Restate the listing below word for word; no picture is to be carried over.

<<<<

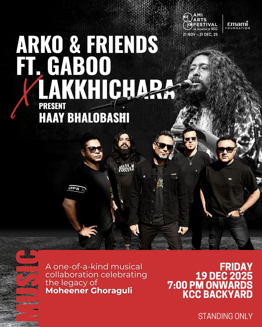 As a part of AMI Arts Festival 2025, Kolkata Centre for Creativity presents Haay Bhalobashi, a collaborative stage experience where Lakkhichhara’s powerful rock sound meets the soulful, multicultural music of The Arko Mukhaerjee Collective honouring the legacy of Moheener Ghoraguli, the cult classic Bangla band.
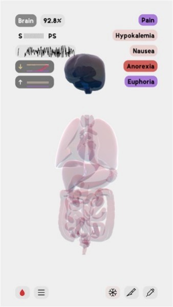 另外,游戏的语言一开始是英文,但可以通过简单的设置切换到简体中文。对于新手来说,可能需要花点时间适应操作流程,比如拖动屏幕查看器官或旋转模型。总的来说,这是一款适合所有人的医学探索游戏,既有趣又有教育意义!
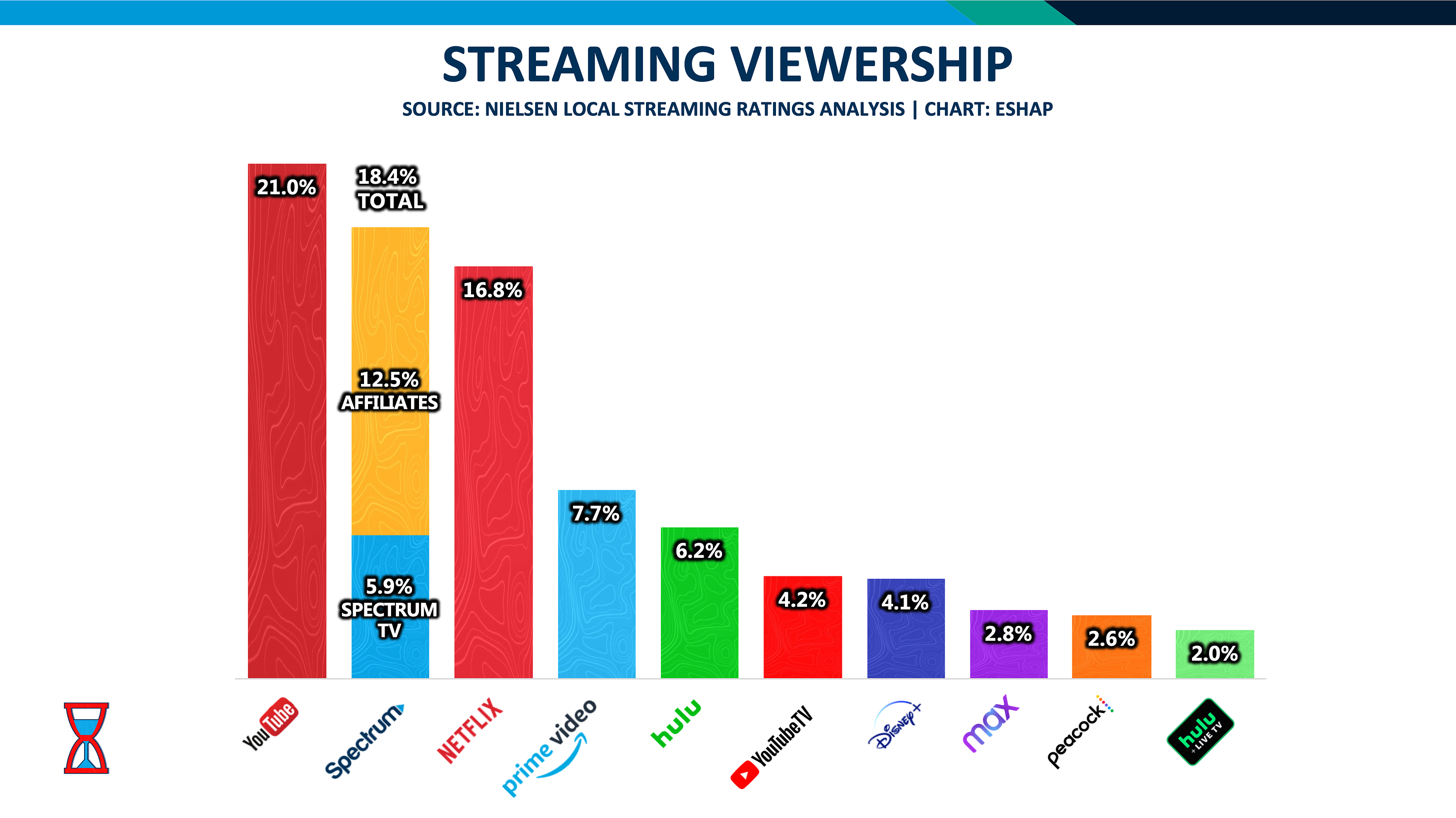From there, he took the accurate premise that despite the noise, people still watch more broadcast and cable TV than they do streaming services. And the broadcast sector in particular is local. So the premise of using the Spectrum footprint, which encompasses 22 major markets including New York and Los Angeles, is sound. And as he typically does, he uncovered some uncomfortable but undeniable truths:
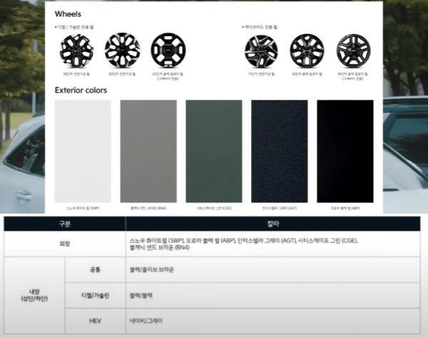 2024년형 기아 쏘렌토 페이스리프트의 차량 색상은 총 다섯 가지로 다양한 선택을 제공합니다. 이번 페이스리프트에서는 기존의 런웨이 레드와 미네랄 블루는 삭제되었으나, 새로운 색상 옵션을 통해 차량의 개성을 더욱 돋보이게 할 수 있습니다.
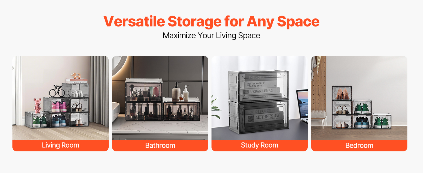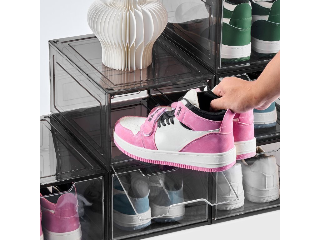 Tieto stohovateľné boxy na topánky, ktoré sú ideálne do rôznych priestorov v domácnosti, dokážu uskladniť nielen topánky, ale aj roztrúsené predmety v domácnosti, čím uvoľnia cenný úložný priestor.

>>>>

**Solution to this task**
 As a part of AMI Arts Festival 2025, Kolkata Centre for Creativity presents Haay Bhalobashi, a collaborative stage experience where Lakkhichhara’s powerful rock sound meets the soulful, multicultural music of The Arko Mukhaerjee Collective honouring the legacy of Moheener Ghoraguli, the cult classic Bangla band.
 另外,游戏的语言一开始是英文,但可以通过简单的设置切换到简体中文。对于新手来说,可能需要花点时间适应操作流程,比如拖动屏幕查看器官或旋转模型。总的来说,这是一款适合所有人的医学探索游戏,既有趣又有教育意义!
From there, he took the accurate premise that despite the noise, people still watch more broadcast and cable TV than they do streaming services. And the broadcast sector in particular is local. So the premise of using the Spectrum footprint, which encompasses 22 major markets including New York and Los Angeles, is sound. And as he typically does, he uncovered some uncomfortable but undeniable truths:
 2024년형 기아 쏘렌토 페이스리프트의 차량 색상은 총 다섯 가지로 다양한 선택을 제공합니다. 이번 페이스리프트에서는 기존의 런웨이 레드와 미네랄 블루는 삭제되었으나, 새로운 색상 옵션을 통해 차량의 개성을 더욱 돋보이게 할 수 있습니다.
 Tieto stohovateľné boxy na topánky, ktoré sú ideálne do rôznych priestorov v domácnosti, dokážu uskladniť nielen topánky, ale aj roztrúsené predmety v domácnosti, čím uvoľnia cenný úložný priestor.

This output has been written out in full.